8. A leak testing system for new energy transformers, used to implement the leak testing method for new energy transformers as described in claim 1, characterized in that, The system includes: The initial state acquisition module is used to fill the transformer with gas to a preset pressure. After the pressure stabilizes, it acquires and records the transformer's initial measured pressure, initial ambient temperature, and initial transformer tank surface temperature. The real-time data acquisition module is used to synchronously acquire the transformer's real-time measured pressure, real-time ambient temperature, and real-time transformer tank surface temperature according to a preset acquisition cycle during the pressure holding monitoring stage. The equivalent temperature calculation module is used to establish a dynamic heat transfer model that characterizes the thermal conduction boundary and thermal inertia delay characteristics inside and outside the transformer. The real-time ambient temperature sequence and the real-time transformer tank surface temperature sequence are used as the observation input variables of the dynamic heat transfer model. Through time lag compensation and time-series iterative calculation, the dynamic equivalent gas temperature inside the transformer under the current acquisition period is obtained. The predicted pressure compensation module is used to calculate the theoretical predicted pressure after environmental compensation under the current acquisition cycle based on the initial measured pressure, initial ambient temperature, initial transformer tank surface temperature and equivalent gas temperature, combined with the gas thermodynamic state characteristics. The deviation analysis and diagnosis module is used to compare and analyze the deviation between the real-time measured pressure and the theoretical predicted pressure, determine whether there is a leak in the transformer based on the dynamic change characteristics of the deviation, and output the corresponding leak test diagnosis results or alarm signals.

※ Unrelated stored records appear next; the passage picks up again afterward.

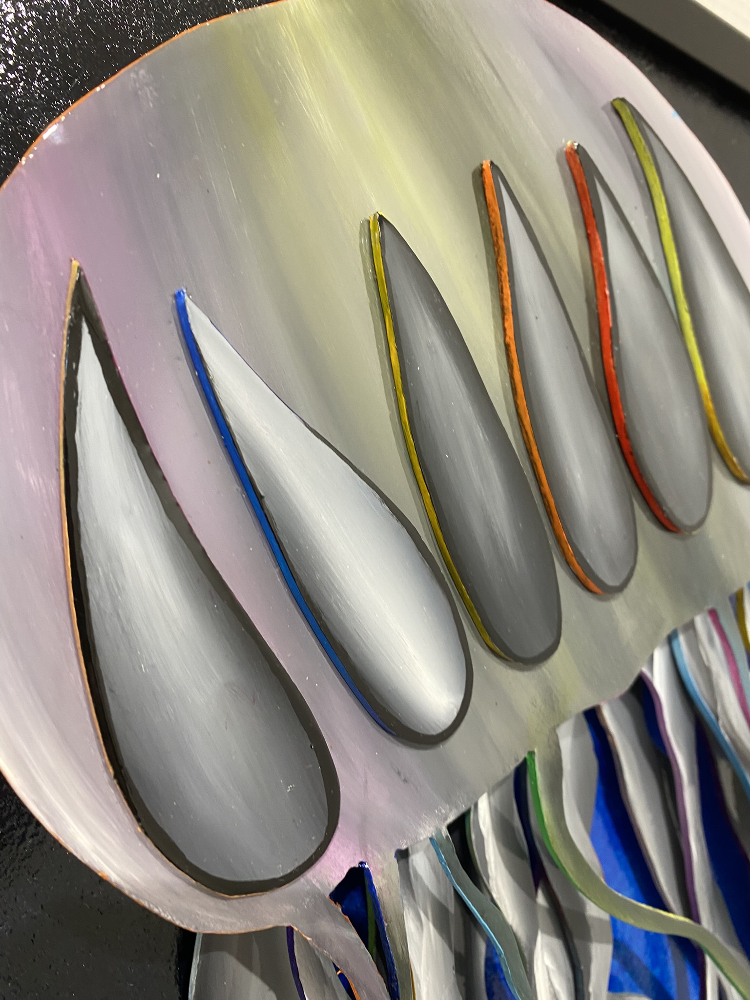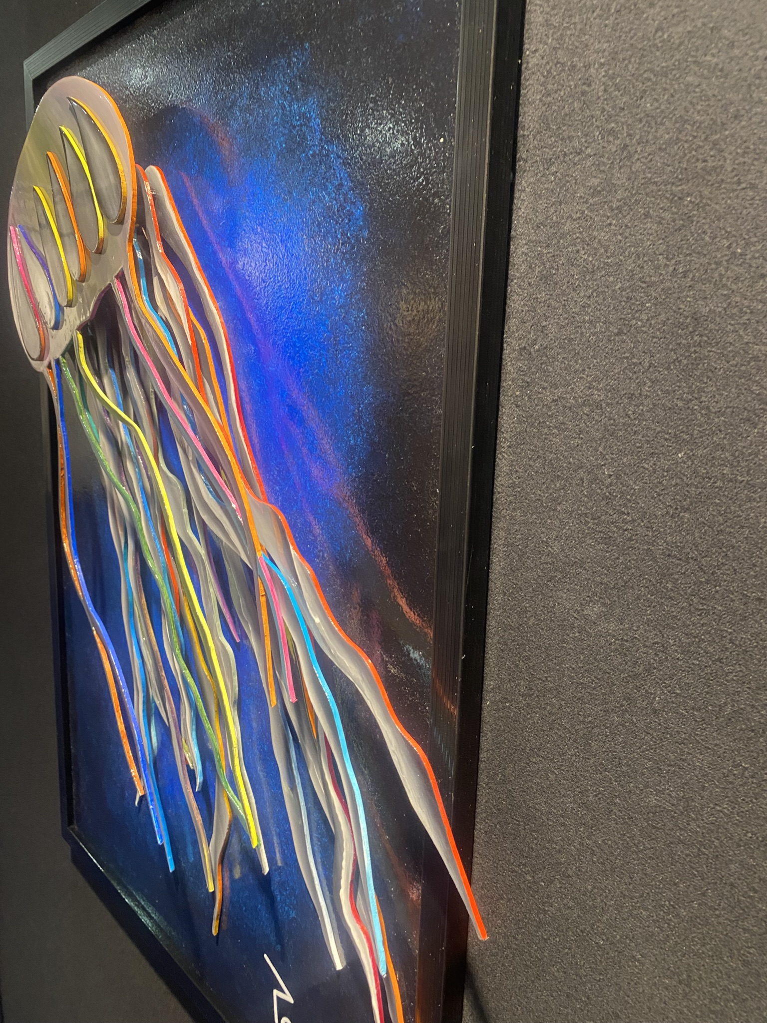 With « Depth, » the silent poetry of the abyss is represented through this embossed jellyfish, with its slender and vibrant forms. The tentacles seem to float out of the frame, as if carried by an invisible current. This physical escape, which has become my signature, reflects the constant desire to break boundaries and invite the eye to go beyond.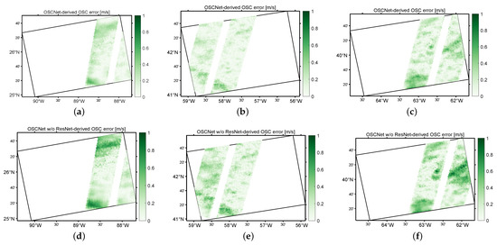 We evaluated the impact of ResNet architecture on model performance while maintaining the model’s input parameters at their optimal configuration. As shown in Figure 5d–i, the OSC retrieval results of the OSCNet model with the ResNet structure closely align with the ground truth, whereas the OSCNet model without the ResNet structure exhibits larger deviations. These discrepancies become more pronounced in regions with higher OSC velocities (see Figure 6a–f). The model’s performance across the entire test dataset is presented in Table 2. As can be seen, the exclusion of the ResNet structure from OSCNet (see “OSCNet w/o ResNet” in Table 2) results in a decrease in , along with an increase in MAE and RMSE, compared to the OSCNet model incorporating ResNet. These results indicate the positive influence of incorporating ResNet architecture in enhancing the performance of the OSCNet model in OSC retrieval.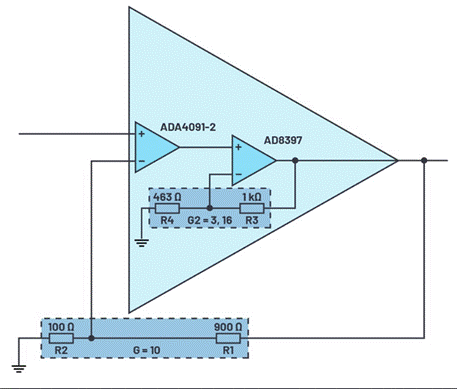 但是,您可以使用兩個(gè)單獨(dú)的放大器來構(gòu)建這種放大器,形成復(fù)合放大器。將兩個(gè)運(yùn)算放大器組合在一起,就能將各自的優(yōu)勢特性集成于一體。這樣,與具有相同增益的單個(gè)放大器相比,兩個(gè)運(yùn)算放大器組合可以實(shí)現(xiàn)更高的帶寬。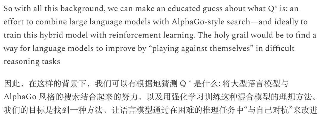 他加入OpenAI的动作也被外界视为分析Q*的一个线索,“有理由怀疑Q是将LLM和AlphaGo结合起来,并用强化学习进行训练”。

9. A terminal, characterized in that, include: The memory is used to store the leak test program for new energy transformers; The processor is used to implement the steps of the new energy transformer leak testing method as described in claim 1 when executing the new energy transformer leak testing program.

10. A computer-readable storage medium, characterized in that, The storage medium stores computer instructions. When the computer reads the computer instructions from the storage medium, the computer executes the new energy transformer leak testing method as described in claim 1.